Repository files navigation

SpecOracle & SlopBench

Read the Paper (PDF)

SpecOracle is an evaluation pipeline designed to test whether informal specifications can function as zero-cost in-context oracles for secure program synthesis.

In secure program synthesis, specification elicitation has superseded code generation as the primary bottleneck. While executable oracles successfully restrict a model's degrees of freedom, formalizing subjective architectural quality to prevent unmaintainable "vibecoding slop" remains impractically expensive. SpecOracle investigates whether informal engineering principles (e.g., the Zen of Python) can bridge this gap by enforcing structural discipline at inference time.

To measure this, we introduce SlopBench: a benchmark curated specifically to induce architectural degradation, allowing researchers to empirically measure whether soft specification conditioning collapses architectural degrees of freedom without compromising functional correctness.

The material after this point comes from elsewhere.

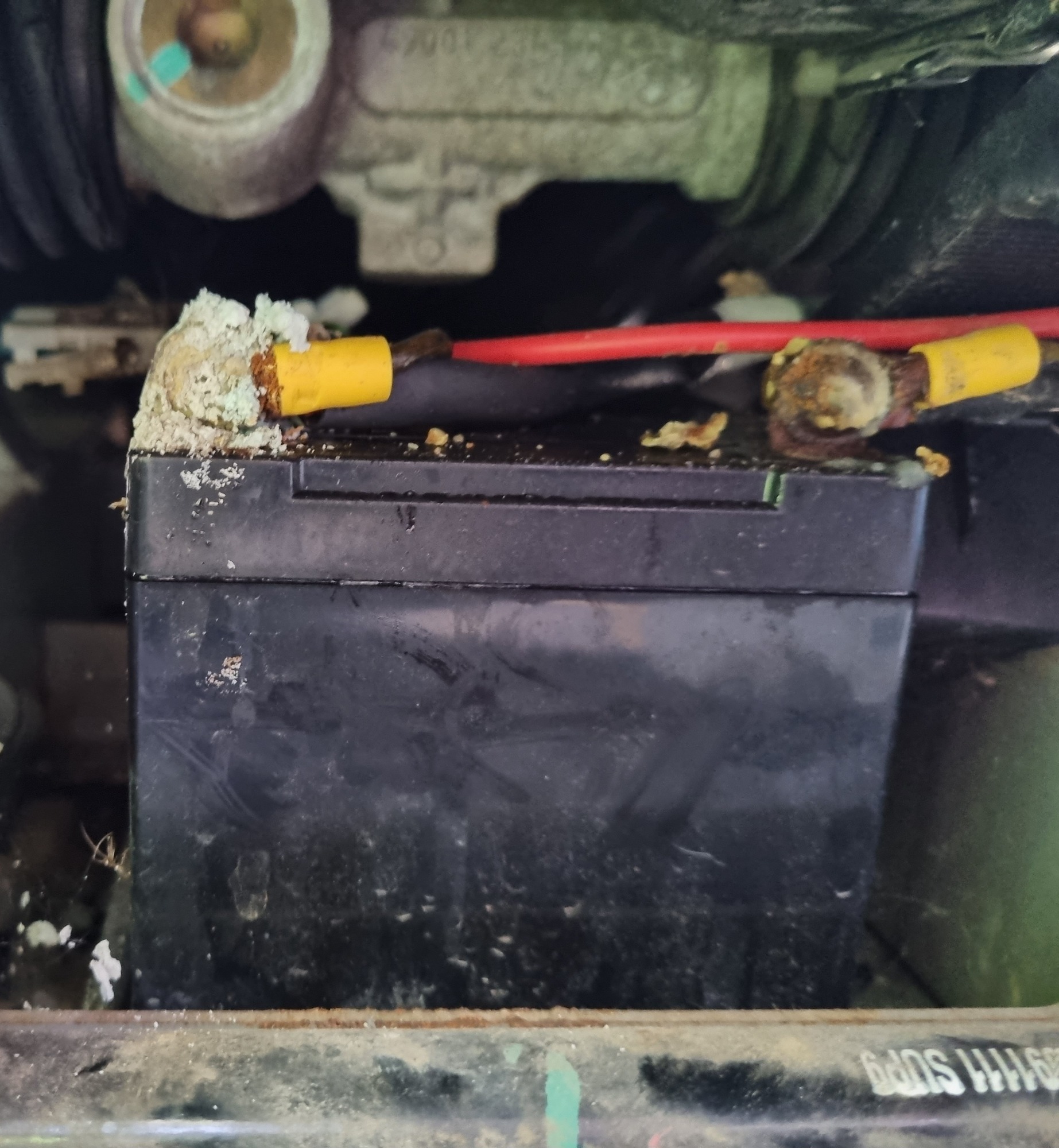 Die Batterie ist an den Polen ziemlich korodiert (nennt man das so?) , die Schrauben waren ziemlich verrostet, aber er hat sie los bekommen.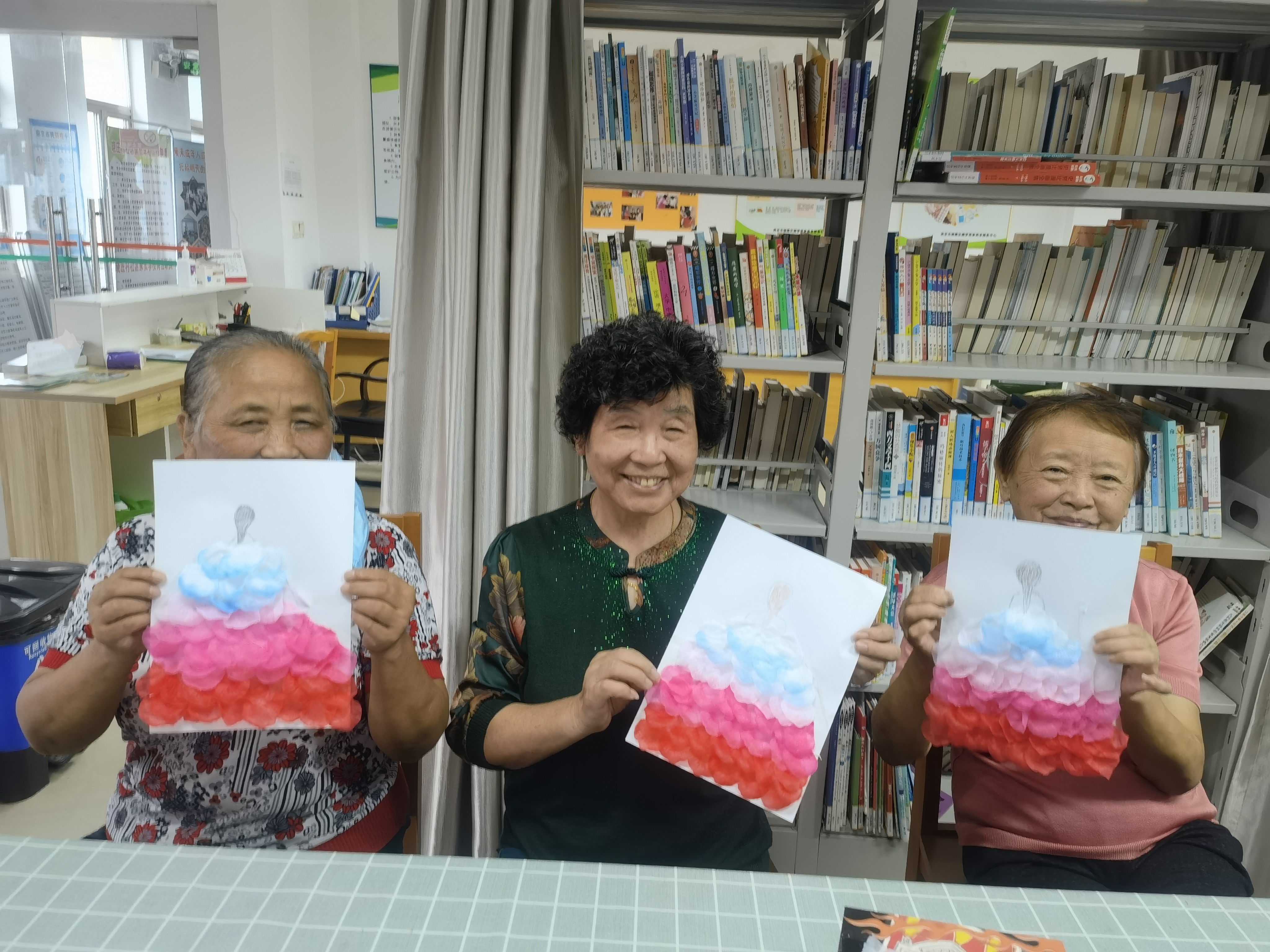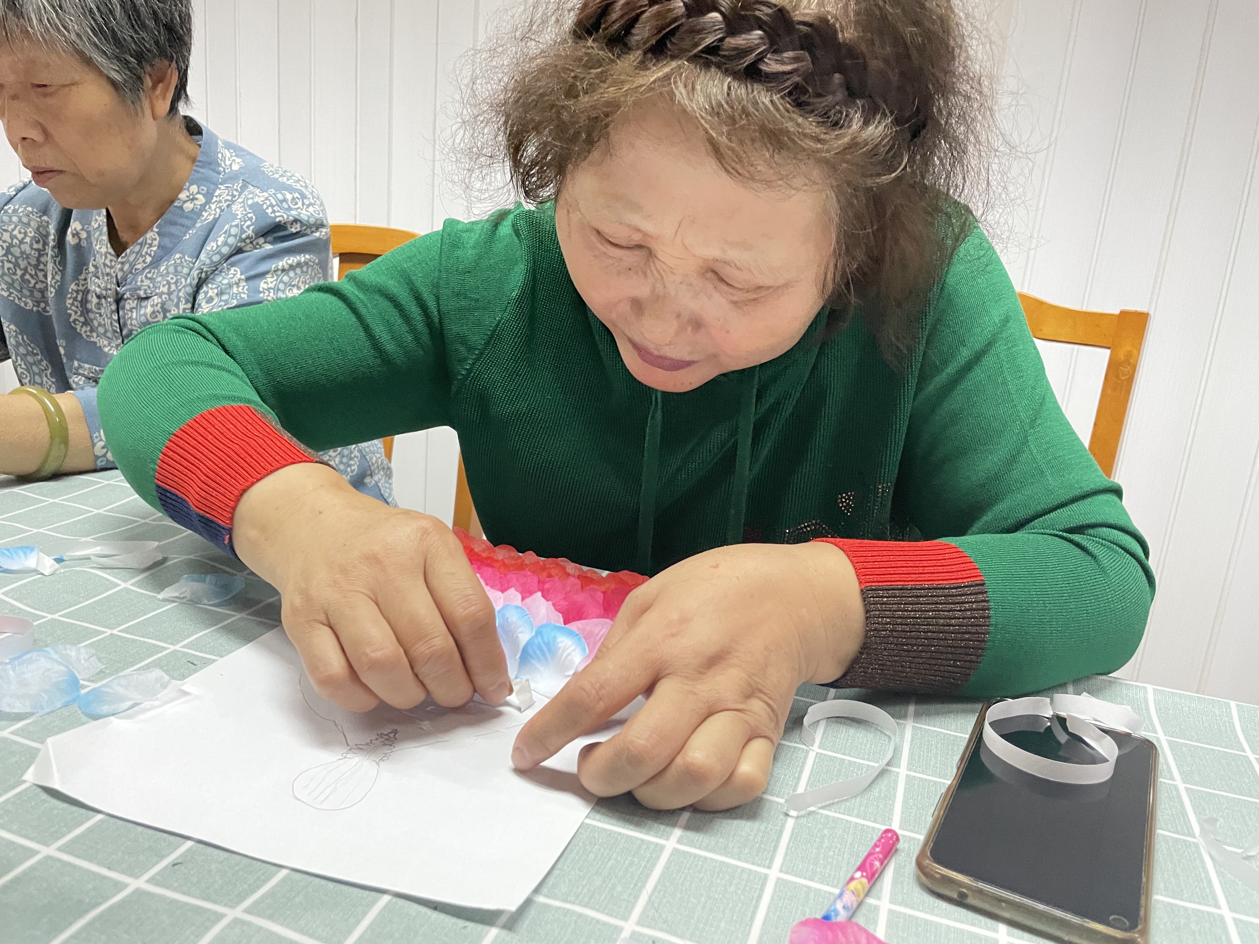 当天,居民们利用花瓣进行创意设计,以“少女的背影”为主题进行粘贴制作。制作过程中,居民们独自思考,发挥着想象力和动手能力,巧妙设计,精心创作,首先拿着彩色笔在A4张上画出背景图,再分步骤操作,从裙摆位置粘上双面胶并按照自己喜好摆放,再到花瓣的分布,进行了有条不紊的制作。不一会儿,大小不一、形态各样的花瓣在居民们的手中变成了一幅幅精美的粘贴画,居民们看着自己的作品心里都乐开了花。

Experimental Design and Findings

Based on an evaluation across three frontier models (Claude 4.6, GPT-5.5, Gemini 2.5 Pro) and a suite of downstream stress tests, SpecOracle provides four empirical observations regarding agentic evaluation and structural maintainability.

1. Cross-Model Generalization & Deterministic Decoding

Structural Impact Across Models: Across three frontier architectures, conditioning on informal specifications yielded consistent 30-42% reductions in mean cyclomatic complexity (CC) with minimal functional degradation.

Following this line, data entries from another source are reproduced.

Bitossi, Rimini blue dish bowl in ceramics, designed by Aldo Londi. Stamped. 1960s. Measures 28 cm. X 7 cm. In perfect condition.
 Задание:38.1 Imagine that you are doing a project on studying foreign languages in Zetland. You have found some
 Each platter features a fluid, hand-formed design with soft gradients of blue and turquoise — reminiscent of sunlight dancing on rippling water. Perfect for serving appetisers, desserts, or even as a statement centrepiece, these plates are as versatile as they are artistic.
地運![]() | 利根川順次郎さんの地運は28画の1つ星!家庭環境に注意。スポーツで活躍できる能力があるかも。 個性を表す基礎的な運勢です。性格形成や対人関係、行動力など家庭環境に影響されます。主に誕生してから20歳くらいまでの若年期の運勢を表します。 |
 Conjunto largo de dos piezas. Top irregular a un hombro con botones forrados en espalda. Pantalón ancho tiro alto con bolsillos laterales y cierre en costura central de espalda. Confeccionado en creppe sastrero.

This effect persists under deterministic decoding (GPT-5.5 at temperature 0). The persistence of the effect at $T=0$ indicates that the soft oracle influences the model's highest-probability completions, rather than merely shifting the mean of a sampled distribution.

2. Hybrid Oracles: Executable Gates for Informal Specs

SpecOracle implements a CEGIS-inspired (Counterexample-Guided Inductive Synthesis) feedback loop via the hybrid mode. By coupling an informal specification prompt with strict structural gates (e.g., Radon CC threshold > 8), the system generates deterministic feedback citing specific violating functions and branch counts.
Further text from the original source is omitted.